Despite producing the Countach, one of the most coveted supercars on the planet, Lamborghini nonetheless endured hard times in the late ‘70s and early 1980s. The company almost went into liquidation, but the wealthy owners of a sugar empire in Senegal, French brothers Jean-Claude and Patrick Mimran, came to the rescue and assumed full control in 1981.


With substantial cash injections the firm’s financial situation improved over the next few years, and believing that Lamborghini lovers would happily stump up for a Lamborghini motorcycle, Patrick Mimran commissioned Boxer Bikes (now Boxer Design) of Toulouse to build 25, or possibly as many as 50 bikes.


Lamborghini Design 90


Boxer Bikes in turn commissioned racer-turned-frame specialist Claude Fior to design the chassis – a box section aluminium cradle frame similar to the 1984 Suzuki GSX-R750’s, and this would house a Kawasaki Z1000RX engine.


The Lamborghini-designed all-enveloping plastic bodywork bore more than a passing resemblance to the Ducati 750 Paso of 1986 – the same year the Lambo bike appeared – although the Lambo’s fairing was festooned with even more of the then fashionable vents and strakes.
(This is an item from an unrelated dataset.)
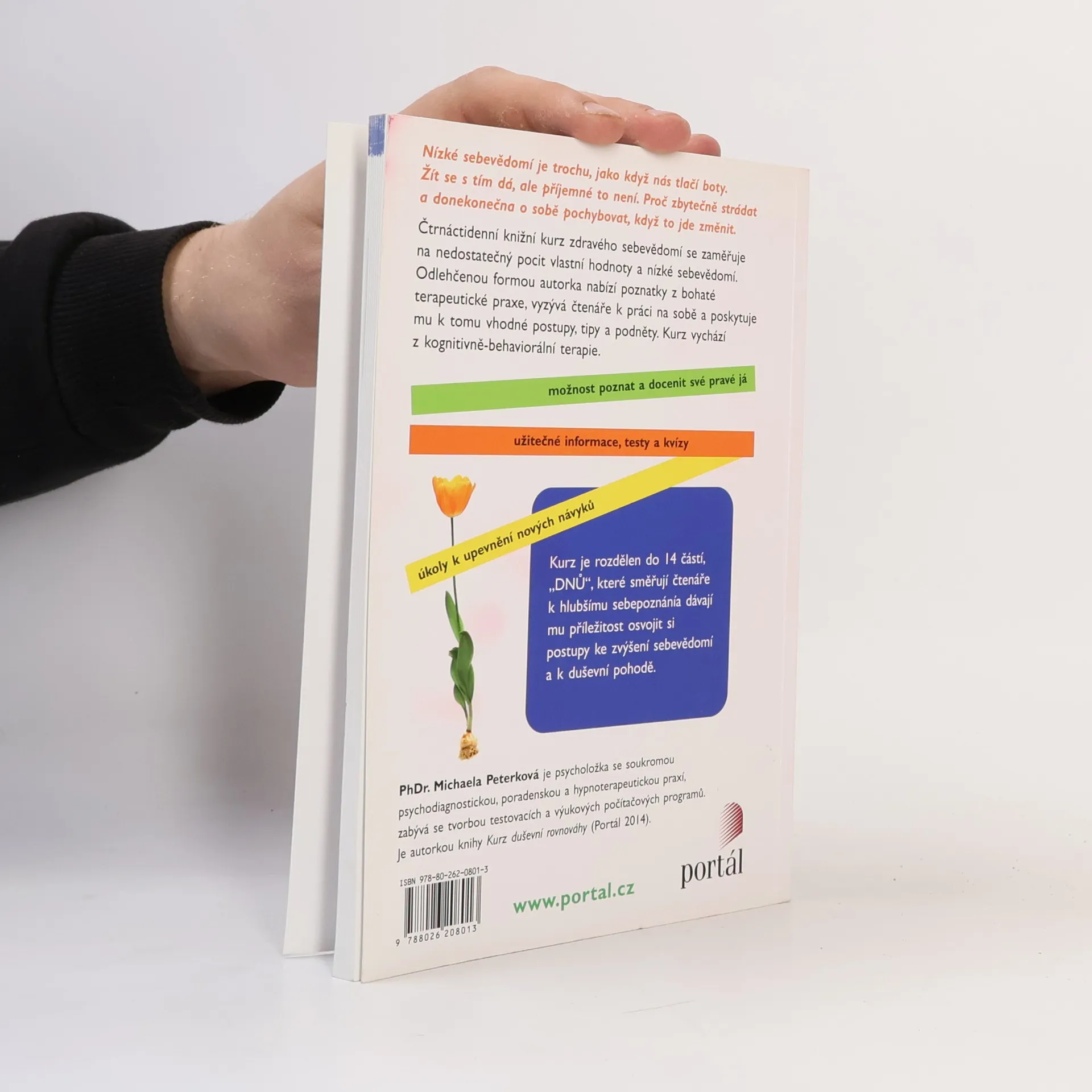 Nízké sebevědomí je trochu, jako když nás tlačí boty. Žít se s tím dá, ale příjemné to není. Proč zbytečně strádat a do nekonečna o sobě pochybovat, když to jde změnit. Čtrnáctidenní knižní kurz zdravého sebevědomí je pokračováním série tréninků duševního zdraví a zaměřuje se na nedostatečný pocit vlastní hodnoty a nízké sebevědomí. Odlehčenou formou nabízí autorka poznatky z bohaté terapeutické praxe, vyzývá čtenáře k práci na sobě a poskytuje mu k tomu vhodné postupy, tipy a podněty. Kurz vychází z kognitivně-behaviorální terapie. Kurz je rozdělen do 14 částí, „DNŮ“, které směřují čtenáře k hlubšímu sebepoznání a dávají mu příležitost osvojit si postupy ke zvýšení sebevědomí a duševní pohody.

Dubbed the Design 50 and costing about £10,000, or well over twice the price of a 1,000cc Japanese sportsbike, not many Lamborghini lovers were tempted and few were actually built – possibly as few as six. One of the five thought to survive was offered by H&H Auctions in March 2018 with a £85,000-£90,000 estimate. It didn’t sell.


1929 MAZDA

The Mazda Motor Corporation dates back to 1920 when it was a cork maker called Toyo Cork Kogyo Co. In 1927 the firm dropped ‘Cork’ from its name as by then it had become a machine tool manufacturer.
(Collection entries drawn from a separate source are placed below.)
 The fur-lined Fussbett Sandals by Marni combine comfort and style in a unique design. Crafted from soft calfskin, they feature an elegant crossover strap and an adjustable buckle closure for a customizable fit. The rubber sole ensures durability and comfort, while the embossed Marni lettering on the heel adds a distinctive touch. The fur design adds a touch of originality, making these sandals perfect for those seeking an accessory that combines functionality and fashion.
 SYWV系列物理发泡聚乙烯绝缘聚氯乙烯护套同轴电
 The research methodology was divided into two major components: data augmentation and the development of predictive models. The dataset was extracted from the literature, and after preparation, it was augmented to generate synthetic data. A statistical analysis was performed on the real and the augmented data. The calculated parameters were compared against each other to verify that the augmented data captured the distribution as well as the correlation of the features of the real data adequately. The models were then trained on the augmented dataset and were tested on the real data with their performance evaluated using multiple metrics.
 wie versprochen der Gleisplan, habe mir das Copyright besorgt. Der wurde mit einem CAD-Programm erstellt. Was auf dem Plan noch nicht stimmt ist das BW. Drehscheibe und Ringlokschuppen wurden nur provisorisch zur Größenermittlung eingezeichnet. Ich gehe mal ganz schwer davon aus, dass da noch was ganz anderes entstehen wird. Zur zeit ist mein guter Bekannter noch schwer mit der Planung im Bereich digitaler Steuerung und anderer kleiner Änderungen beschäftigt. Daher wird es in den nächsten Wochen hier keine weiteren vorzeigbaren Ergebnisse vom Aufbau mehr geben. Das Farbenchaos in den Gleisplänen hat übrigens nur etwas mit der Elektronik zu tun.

Due to the popularity of motorcycle racing in Japan at the time – a sport dominated by imported machines with a major race event held in the company’s hometown Hiroshima, Toyo Kogyo fancied a piece of the action and in 1929 set about designing and building a motorcycle.


Toyo Kogyo Mazda 250


Six prototype 250cc two-stroke machines were built initially, with 30 production versions the following year. One was entered into the big race held locally and to everyone’s surprise the Toyo Kogyo 250 won first time out, beating the much fancied British Ariel and others.


Toyo Kogyo built just 36 bikes before switching to production of a powered three-wheeler rickshaw-type truck called ‘Mazda-Go’ in 1931. Mazda branding was used on all the firm’s subsequent vehicles (none being two-wheelers), although Toyo Kogyo Co. didn’t formally change its name to Mazda until 1984.